> **Goal of the exercise**
Print the listing below again, exactly. Skip the pictures.

> **Recorded information**

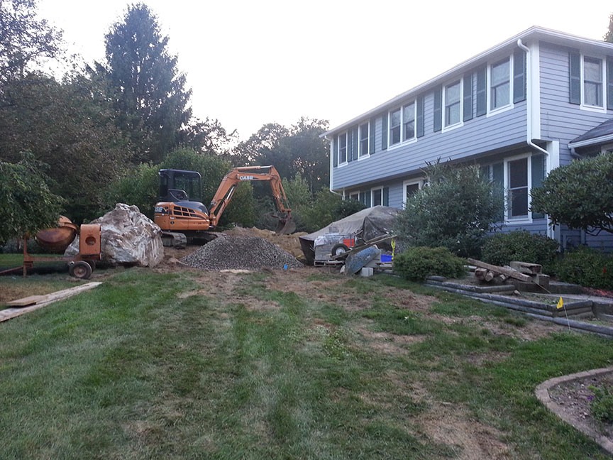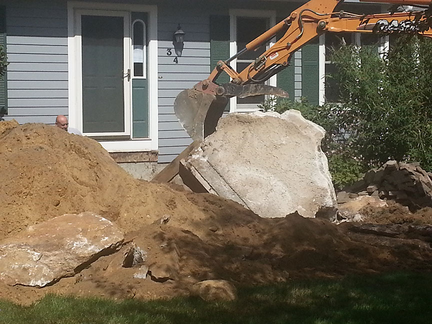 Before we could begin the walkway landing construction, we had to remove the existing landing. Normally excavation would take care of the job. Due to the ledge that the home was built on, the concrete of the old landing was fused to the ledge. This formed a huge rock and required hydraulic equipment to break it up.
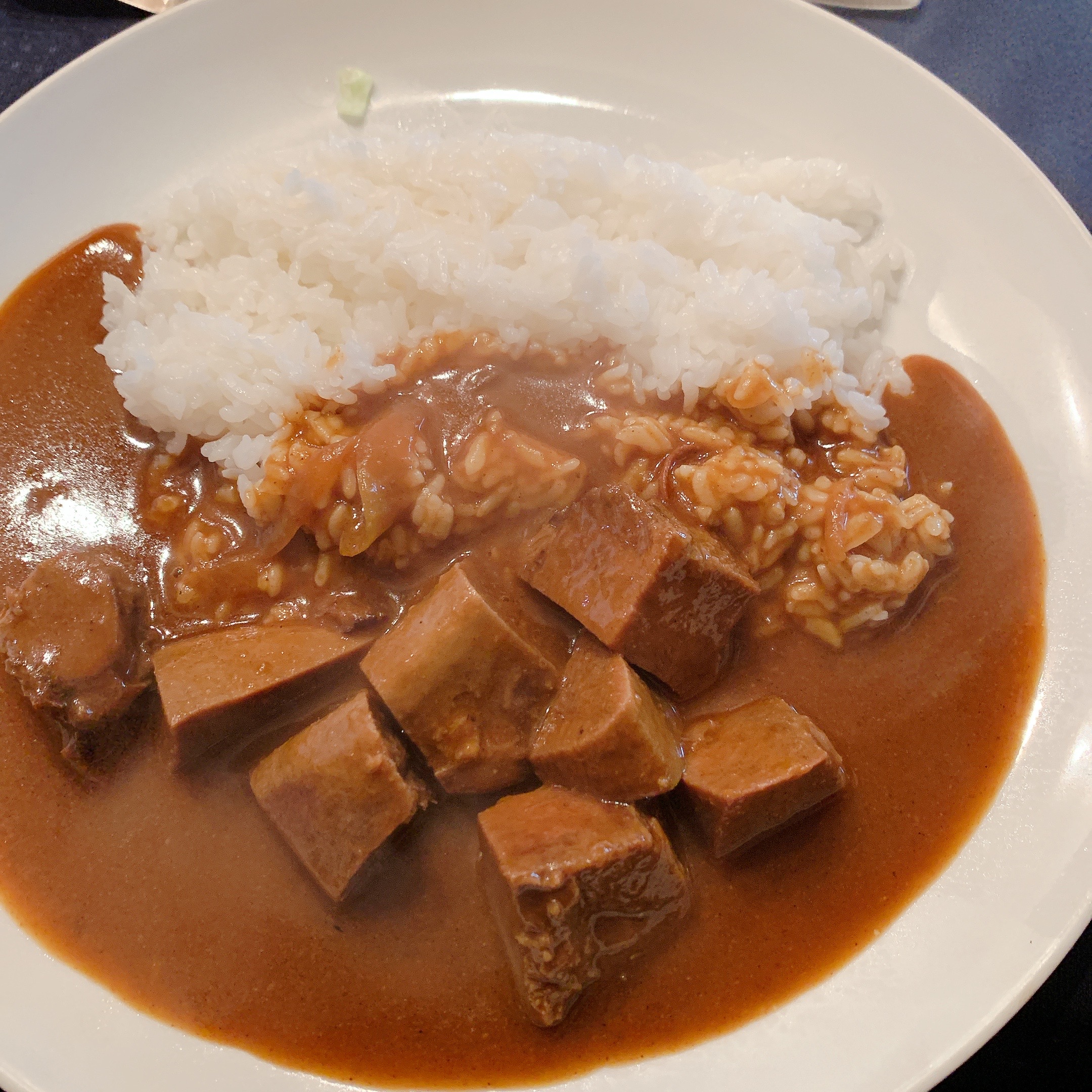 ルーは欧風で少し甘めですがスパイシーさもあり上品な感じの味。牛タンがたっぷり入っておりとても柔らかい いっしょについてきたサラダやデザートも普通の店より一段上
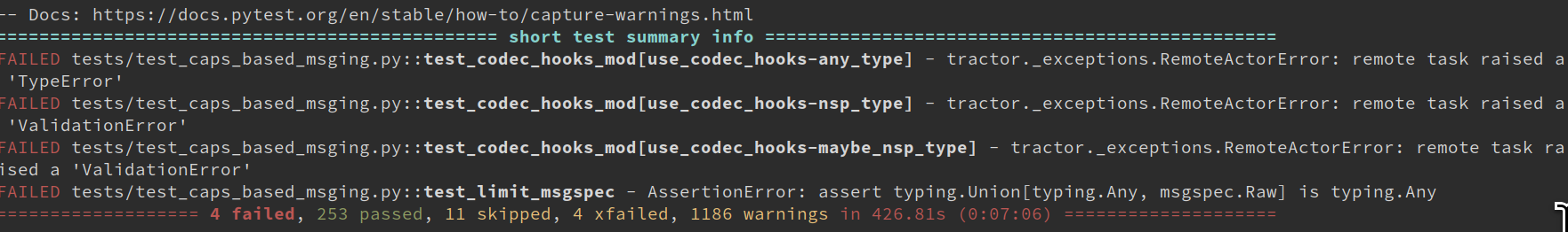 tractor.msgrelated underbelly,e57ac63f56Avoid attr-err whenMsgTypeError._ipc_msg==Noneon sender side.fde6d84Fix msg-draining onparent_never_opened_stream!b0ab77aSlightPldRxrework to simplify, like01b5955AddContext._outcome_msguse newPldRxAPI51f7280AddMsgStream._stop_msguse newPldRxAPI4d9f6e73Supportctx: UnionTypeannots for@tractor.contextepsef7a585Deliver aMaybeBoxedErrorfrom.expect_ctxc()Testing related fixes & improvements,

> **Problem solution**
 Before we could begin the walkway landing construction, we had to remove the existing landing. Normally excavation would take care of the job. Due to the ledge that the home was built on, the concrete of the old landing was fused to the ledge. This formed a huge rock and required hydraulic equipment to break it up.
 ルーは欧風で少し甘めですがスパイシーさもあり上品な感じの味。牛タンがたっぷり入っておりとても柔らかい いっしょについてきたサラダやデザートも普通の店より一段上
 tractor.msgrelated underbelly,e57ac63f56Avoid attr-err whenMsgTypeError._ipc_msg==Noneon sender side.fde6d84Fix msg-draining onparent_never_opened_stream!b0ab77aSlightPldRxrework to simplify, like01b5955AddContext._outcome_msguse newPldRxAPI51f7280AddMsgStream._stop_msguse newPldRxAPI4d9f6e73Supportctx: UnionTypeannots for@tractor.contextepsef7a585Deliver aMaybeBoxedErrorfrom.expect_ctxc()Testing related fixes & improvements,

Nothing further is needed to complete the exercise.